Top of Data segment
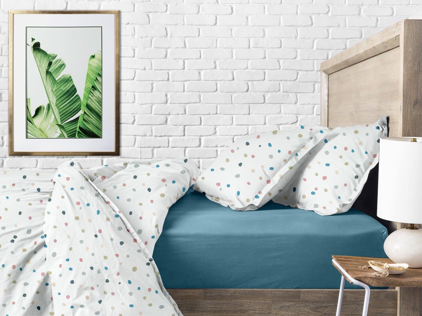 Набір простирадла на резинці COSAS SKY / COLOR BLOTS Ранфорс 90х200х20 см 2 шт Бірюзовий/Білий
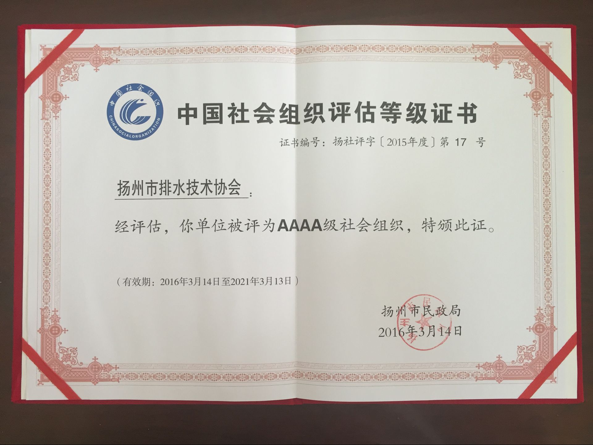 近日,市民政局公布了2015年度社会组织4A等级评估名单,由洁源公司发起成立的扬州市排水技术协会被评为4A级协会。
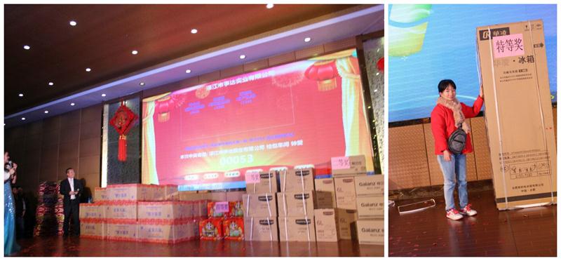 激動人心的抽獎活動令現(xiàn)場氣氛達到最高潮。當大屏幕滾動起來的時候,臺下的觀眾緊張、興奮地倒數(shù)三二一,個個屏住呼吸,都希望幸運降臨在自己身上。一輪又一輪,豪禮送不停。特等獎1名,一等獎2名,二等獎10名,三等獎20名,四等獎200名,中獎機會多多,獎品有大冰箱,微波爐,電磁爐,電壓力鍋等等。到此,大家都伸長脖子想知道,最終特等獎大冰箱花落誰家?沒錯,是質量部的黃婉鸝從在場近600名的員工眼皮下一舉奪走了價值兩千多塊的冰箱,成為今年的幸運兒。恭喜恭喜!
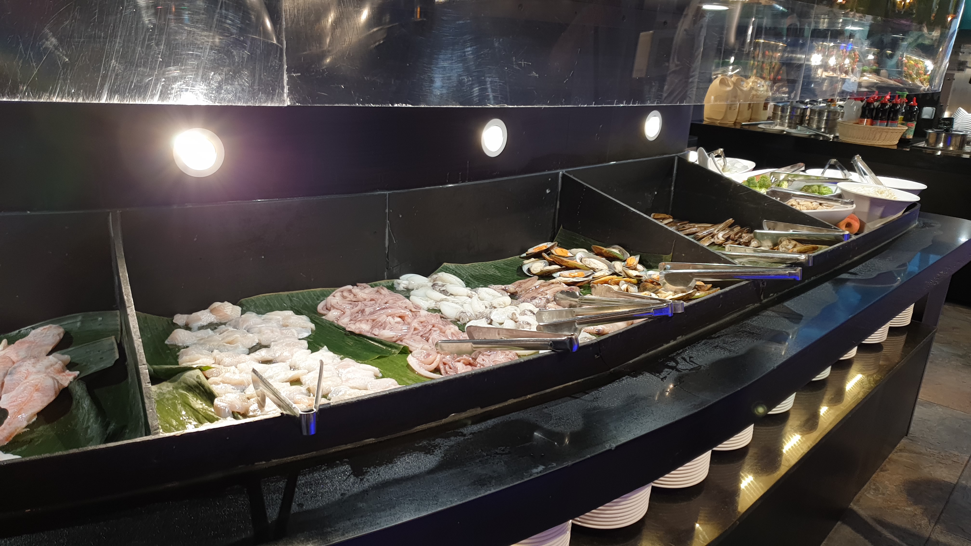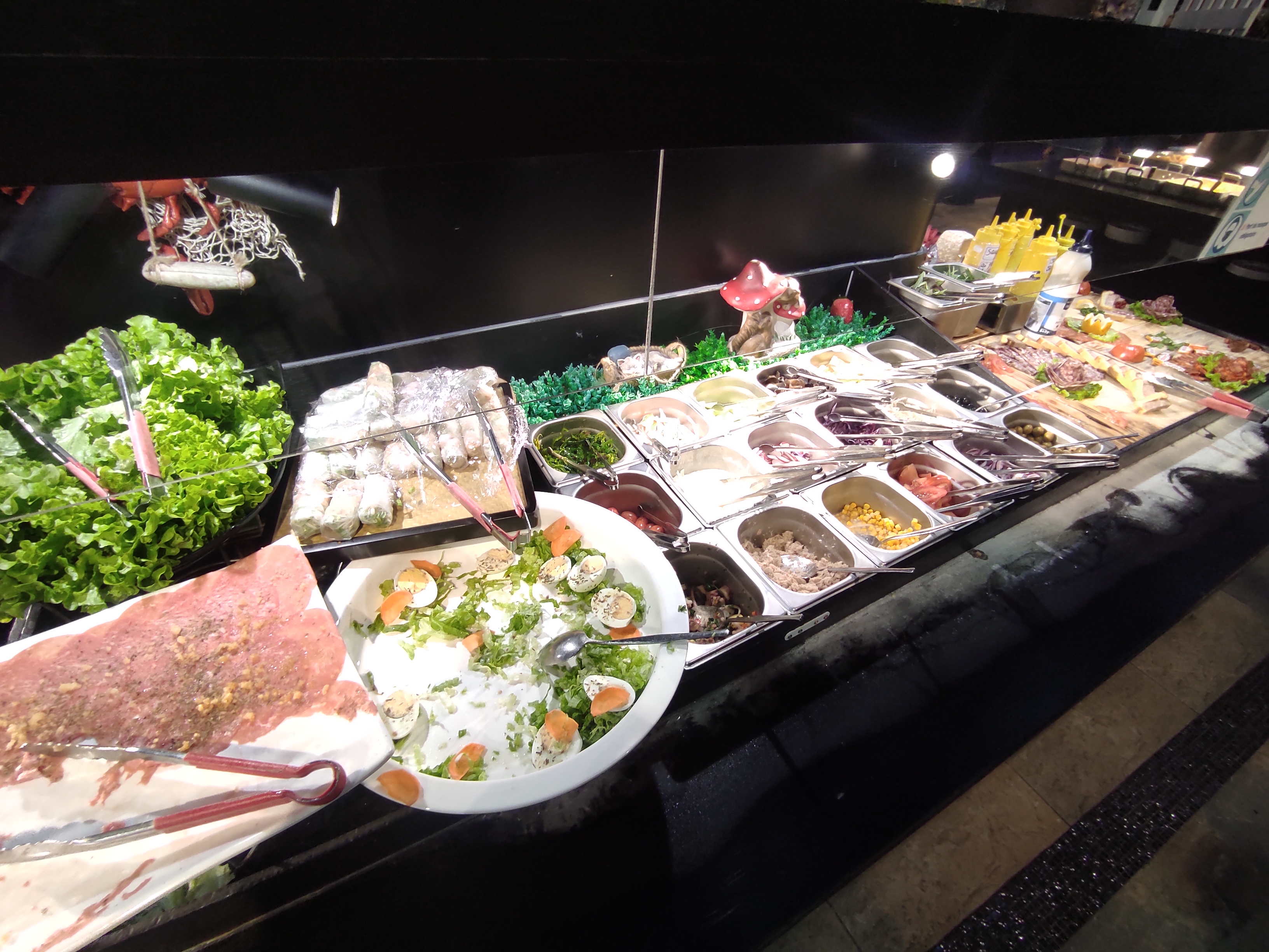 Buffet à volonté avec un large choix de fruits de mer et viandes. Pour le goût, je suis mitigé. C’est assez fade dans l’ensemble pour un coût assez élevé in fine. C’est peut être intéressant pour ceux qui mangent sans limite pour plusieurs jours…
Bottom of Data segment
Write out every line above exactly as it is, leaving out the pictures.

 Набір простирадла на резинці COSAS SKY / COLOR BLOTS Ранфорс 90х200х20 см 2 шт Бірюзовий/Білий
 近日,市民政局公布了2015年度社会组织4A等级评估名单,由洁源公司发起成立的扬州市排水技术协会被评为4A级协会。
 激動人心的抽獎活動令現(xiàn)場氣氛達到最高潮。當大屏幕滾動起來的時候,臺下的觀眾緊張、興奮地倒數(shù)三二一,個個屏住呼吸,都希望幸運降臨在自己身上。一輪又一輪,豪禮送不停。特等獎1名,一等獎2名,二等獎10名,三等獎20名,四等獎200名,中獎機會多多,獎品有大冰箱,微波爐,電磁爐,電壓力鍋等等。到此,大家都伸長脖子想知道,最終特等獎大冰箱花落誰家?沒錯,是質量部的黃婉鸝從在場近600名的員工眼皮下一舉奪走了價值兩千多塊的冰箱,成為今年的幸運兒。恭喜恭喜!
 Buffet à volonté avec un large choix de fruits de mer et viandes. Pour le goût, je suis mitigé. C’est assez fade dans l’ensemble pour un coût assez élevé in fine. C’est peut être intéressant pour ceux qui mangent sans limite pour plusieurs jours…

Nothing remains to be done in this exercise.